The volume concludes with five review articles on books by German, American, and Israeli authors. Joachim Neander reviews three new books on the SS economic administration and the forced labor that it employed; Yaacov Lozowick reviews Isabel Heinemann’s book on the SS-Race and Resettlement Main Office; Judith Baumel reviews Nechama Tec’s book on women, men, and the Holocaust; Michael Berenbaum reviews Dan Michman’s book on Holocaust historiography from a Jewish perspective; and Nathan Cohen reviews the encyclopedia of Holocaust literature edited by Lillian Kremer.
Two important aspects of the Holocaust that are highlighted in the contents of this volume--the Holocaust in Hungary and the individual--are reflected in the cover photos.

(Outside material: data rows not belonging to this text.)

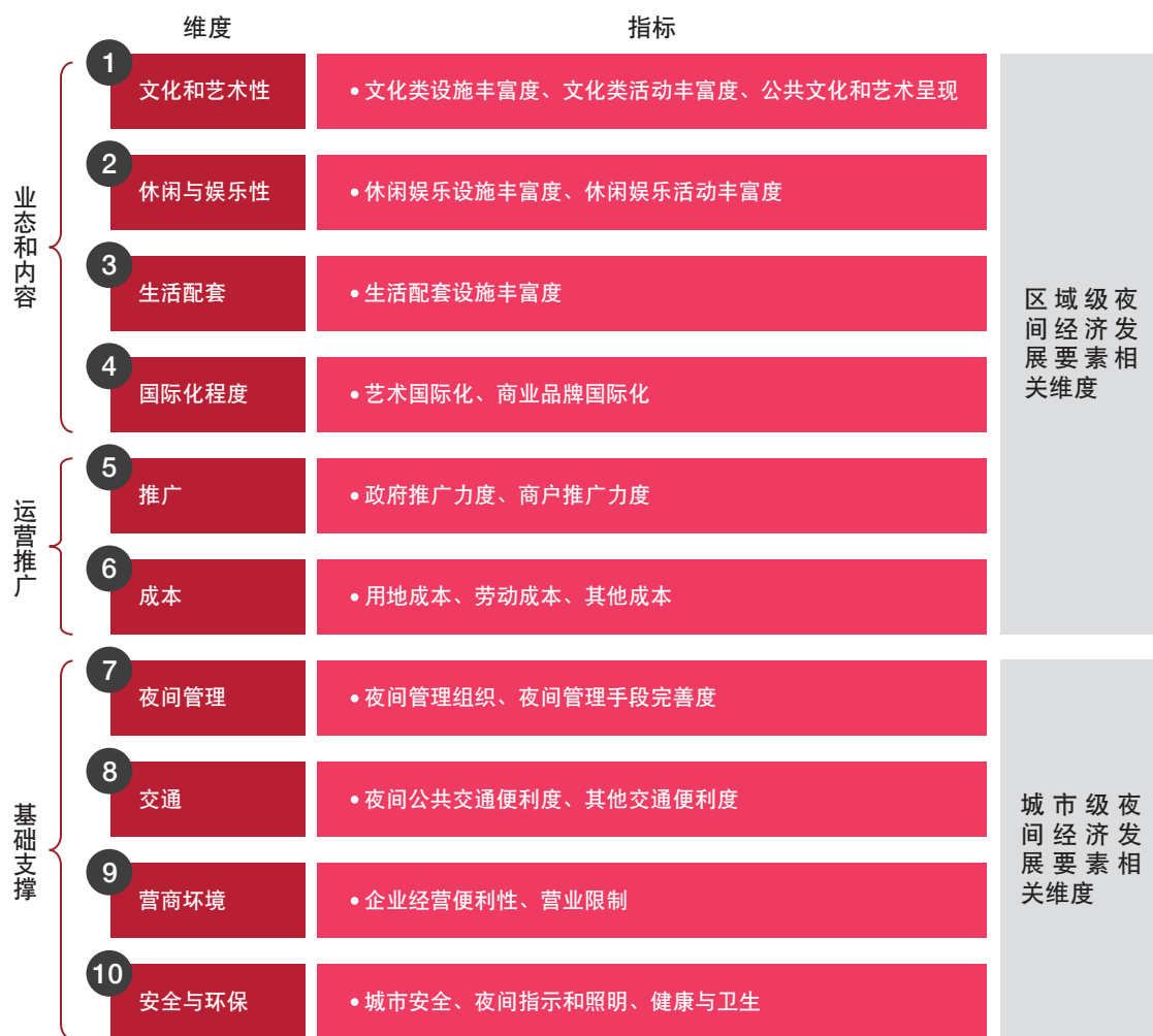
图二 夜间经济发展要素

普华永道思略特基于“机遇之城”的综合评估框架，建立了夜间经济评估模型，包括涵盖了业态和内容、运营推广和基础支撑三个层面的十个维度。在进行区域和城市评估时，普华永道思略特结合内部数据库与大数据精准抓取，衡量人流情况、业态密度、推广效果等，分析得出了夜间经济的提升方案。
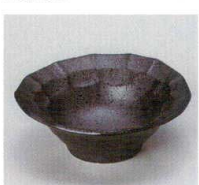
104-22-054 黒石垣ミニ鉢 370円 10×3.5cm 200入 11326051
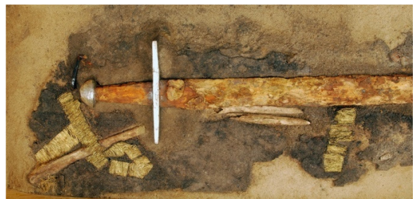
Abb. 7. Wusterhausen, spätslawisches Gräberfeld. Schwertgrab Bef. 55, restaurierter Schwertbefund mit Goldgewebe.

Die beiden Schwerter sind durch ihre halbkugel- bis paranussförmigen Knäufe charakterisiert. Der Griff des Schwertes aus Grab 112 (Abb. 8) ist mit Leder umwickelt. Parierstange und Knauf sind bei dem Exemplar aus Grab 55, das sich auch durch das Goldgewebe auszeichnete, flächig silberplattiert (Abb. 7). Es ist somit eine ausgesprochene Prachtwaffe. Konstruktiv und in den Abmessungen sind sich die Schwerter recht ähnlich. Sie entsprechen beide dem Spatha-Typ, sind jeweils etwa 1 m lang und haben gerade Parierstangen von etwa 16 cm Länge. Nach einer ersten typologischen Bewertung können sie als jüngere Variante des Typs X nach J. Petersen (1919) oder einer der darauf basierenden Varianten im Übergang zu den romanischen Schwertern betrachtet werden. Der Typ X ist eine der häufigsten Schwertarten im ganzen Ostseeraum der jüngeren Wikinger- und Slawenzeit und dominiert – neben der Variante \alpha nach A. Nadolski (1954, 26 f.) – auch unter den slawischen Grabfunden an der südlichen Ostseeküste (vgl. Wrzesiński 1997/98, 31). Während J. Petersen (1919, 160 ff.) den Typ X v. a. in das 10. und seltener noch 11. Jh. verwies, haben u. a. R. Oakeshott (2000, 23 ff.; 2002), A. Nadolski (1954, 256), A. T. Ruttkay (1976, 250 f.), V. Kazakevičius (1996, 67 ff.) und V. Schmidt (1992, 48) darauf hingewiesen, dass dieser Waffentypus noch bis in das 12. oder sogar frühere 13. Jh. lief. Die Wusterhausener Schwerter sind am ehesten in die Zeitspanne vom späten 11. bis 12. Jh. einzuordnen.
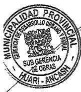
TABLA DE PENALIDADES – ACTIVIDADES DE EJECUCION DE OBRA

Asimismo, la Entidad ha considerado otras penalidades según lo establece el artículo 163° del Reglamento de la Ley de Contrataciones del Estado, las penalidades en tanto por 1000 del monto del contrato, se describe en la siguiente tabla.

Sándor Markovits’s pocket watch individualizes fourteen Hungarian Jews from Simleul Silvaniei (Szilágysomlyó) whom the Nazis set out to murder in 1944, in their last-ditch effort to complete the “Final Solution.” In the background we see the faces of Hungarian Jews deported from the Carpathian Mountains to Birkenau at nearly exactly the same moment in history at which the Markovits family was deported.
Many of the articles in this volume are particularly concerned with the activities of individuals in the Holocaust--whether the criminals, the Jews in their struggles to cope with their ever-worsening situation and with death, the Christian fellow citizens and neighbors of the Jews, and the Allied officials. It is a grim story that is told, yet with a few small dots of light flickering in the deep darkness of those days. Emil Fackenheim wrestled with the implications of the actions of such individuals, as a pioneer in philosophical and theological reflection on the Jewish responses to the Holocaust and on radical evil. It was through the actions of individual victims that he was able to propose avenues for Jewish responses in the era of Auschwitz and a new Jerusalem (as he referred to it).
Emil Fackenheim was a close personal friend and a mentor, as well as a deep and challenging thinker. His monumental contribution to post-Holocaust thought will be sorely missed, as will his burning desire to make the world a better place.